Now just grab yourself a set of some used Seymour Duncans to put in there and it should sound fine.


----------



## KnightBrolaire (Nov 11, 2017)

hmm surprisingly doesn't sound or look bad.


----------



## austink (Nov 11, 2017)

It turned out looking good. The honest review is refreshing. The sound clip is pretty good, great playing and the tone is good. The only thing I would fault in that clip is that the pickups have a lack of "dynamics". The attack seems a bit rounded for how aggressive that tone is. Something like alpha/omegas would probably bring that thing alive.


----------



## Wolfhorsky (Nov 11, 2017)

Nice axe, mate. Great base for modifications. And like @laxu said: there's something wrong with the alignment of the headpiece. I am sure that it can be corrected by You in few minutes. Anyway, congrats. I am happy, that it came to a happy end


----------



## Frostbite (Nov 11, 2017)

Is the truss rod access not aligned properly at the top or is it just the angle of the picture?


----------



## lewis (Nov 11, 2017)

yeah somehow I hadnt noticed that headpiece being misaligned. It does appear that way in the pictures. I will check that out tomorrow (Its nearly 11pm here and Im too tired to get the guitar out tonight haha)

It looks like it needs to go a few mm up to be flush with the neck. Weird. Anyway I will shed more light on this.
Hopefully its just a simple matter of unscrewing it, and relocating it and screwing it back in.

Price in total including what I paid for Customs comes in at around the $460mark.
Had I just took a bog standard one without hardcase, it would have been around $335 incl customs

thanks everyone so far for the feedback.
Regards to the tone I used, I did have to run a compressor block infront to get any kind of power/sustain from these pickups which is where the Aggressive, but no dynamic final result came from.
Great ear to pick that up @austink

EDIT: For anyone wondering, it is a Veneer KOA top


----------



## exo (Nov 11, 2017)

Looks great man! That little sound sample is nice, too! Gave you a follow, dig the style.


----------



## Chokey Chicken (Nov 12, 2017)

A little rough around the edges, what with the stripped screws on the headpiece and random fret slots visible from the side, but looks pretty good. The headpiece is a tad strange though, what with not covering all the end grain, and lacking a proper nut with a zero fret. Not a huge deal, but I remember non-nutted zero frets wear down and cause pinging when notes are bent. 

All of that aside, it looks nice and doesn't sound half bad. The nit-picky issues also don't effect playability, so that's a big plus. I'd consider it a win, especially after a pickup swap.


----------



## Ataraxia2320 (Nov 12, 2017)

Most important question: 

Is the scale length correct on this one, and can it be properly intonated?


----------



## ElRay (Nov 12, 2017)

lewis said:


> ... The bridge/magnet gizmo is actually incredibly easy to use and I cant believe Im saying this, but this bridge whilst taking some getting used to under the hand, holds tuning better than every set of locking tuners Ive ever had. Unreal. ...

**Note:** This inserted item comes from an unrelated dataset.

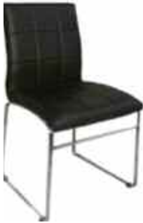
STYLE OF DINING TABLE AND CHAIRS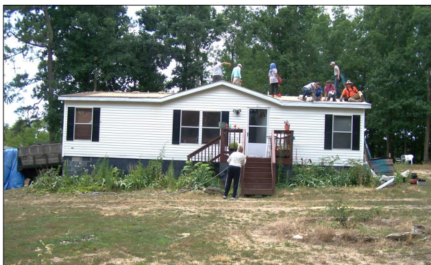
The Ladder Leapers’ job is in the Finch Road area.

“Rebuilding Homes, Lives and Hearts” is the mission to which God has called us. With humble hearts, the ministry strives daily to be faithful to that calling.

I was about to ask you if you thought this was worth the $50-$60 they sell for on eBay, but I figured I'd check the price first ... They were all about $90 shipped. 

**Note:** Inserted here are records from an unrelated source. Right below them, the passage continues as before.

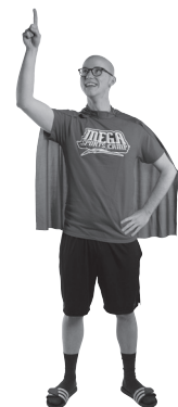
MEGA Point Action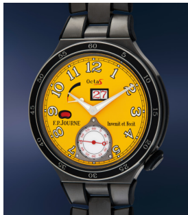
135 F.P. Journe A fine and attractive titanium w... Estimate $30,000 — 60,000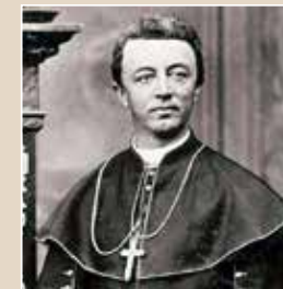
Bishop James Augustine Healy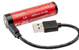
SureFire 18650 Micro USB Rechargeable Battery 3,6V 3500mAh Single 25.-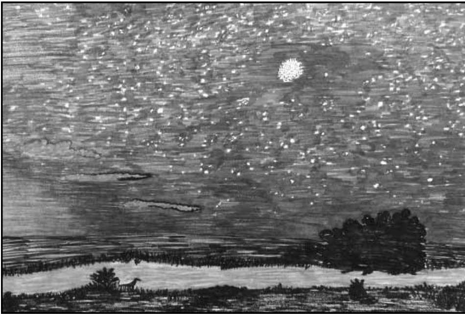
Halley's Comet, April 1986

It seemed like we had elections far too often. In 1961, an appointed charter review board wrote our city's operating legal document. But some residents insisted that the board should have been elected, not appointed. So an election was held to elect a Charter Review Board to write our charter, which in turn had to be approved with very few changes at an election.

So, the question becomes: "Is the bridge set-up worth the $90 they go for on eBay? If not, how much would you spend for it?"


----------



## lewis (Nov 12, 2017)

Firstly it seems on inspection you can just fit an alan key in for truss rod adjustment. I will confirm this tomorrow but from eyesight it seems that it will just fit despite the misplaced headpiece.

The scale length on mine is fine. I had him send measurement pictures before he shipped it to confirm its the correct scale length which it is. It intonates and sounds great note wise. I shredded on it today too to showcase it and my playing skills to my family and it sounded sweet.

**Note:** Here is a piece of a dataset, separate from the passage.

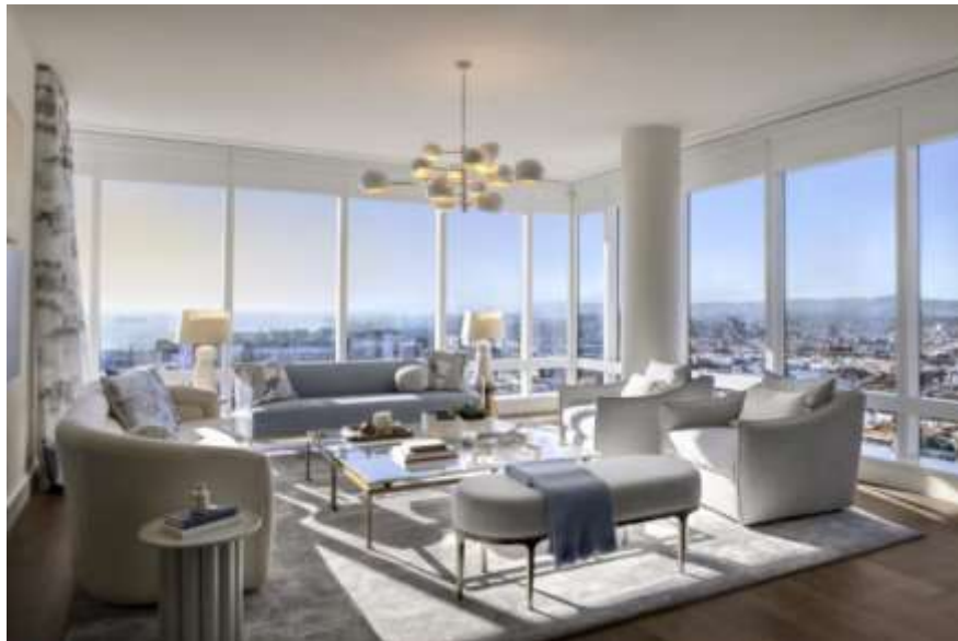
Interior of the new Four Seasons Private Residences in San Francisco.

Twelve years in the making, the highly anticipated Four Seasons Private Residences at 706 Mission, San Francisco is now open and welcoming its first residents. Located in the city's Yerba Buena District, the ambitious project includes the historic Aronson Building reimaged as luxury residences and a newly constructed tower featuring estate-style homes.

And to answer the question about the bridge, i do think its worth $90 incl shipping.it holds tune so well and when you think great brand locking tuners cost a fortune this seems money well spent.
Its not mind blowing like hipshot offerings etc but its functional and works great to hold tune. Im a fast and hard player and yet you can pick it up hours later and carry on playing with strings in tune with each other. Very cool.

The screws look more stripped than they are actually. I blew away some of the dust and yes they seem stripped slightly but not as bad as it looks in pictures.

If the trus rod is workable i will probably just leave it as is. It does not affect playability at all.

I can confirm hard bends around the 1st fret does give the shift or twang where it feels like the string is moving slightly or whatever every now and again. Though this does not put me off enough to affect my playing


----------



## Decapitated (Nov 12, 2017)

Wow, turned out a lot better than I thought it would. Congrats!


----------



## Señor Voorhees (Nov 12, 2017)

The bridge is new, which is worth noting. I'd say it's a bit too early to tell if it's maintaining tuning for the simple fact that longevity is a factor. (clearly you can't comment on that since it's brand new though.) Parts could rust up, break, stop functioning as it initially did, etc. Sperzels don't exactly cost a fortune (~$60) unless you consider this bridge (~$90) as costing a fortune as well. 

Still, as a headless option, I'm very interested in how well it holds up considering your other options ARE very much more expensive than locking tuners. Stripped screws aren't the end of the world so that's not a huge issue. I'd personally replace them just because though. You're certainly better off than the Gibson explorer we have. Strap button screws are unpleasant to the touch because they're sorta stripped out.

As a side note, I'd like to recommend you replacing the screws that are used with the strap buttons. I've bought a few cheap chinese kits in the past, and something that is fairly common is the use of garbage screws. You might want to replace your neck screws as well just to be safe, but I've had the strap button screws literally snap off in the past. (shaft of the screw still in the guitar, but the head came off.) For the headpiece, pickups, etc it's not a huge deal, but screws that are important for holding weight would be worth swapping out. Shouldn't be more than like 5 or 10 bucks, and it'll potentially save you one hell of a headache. 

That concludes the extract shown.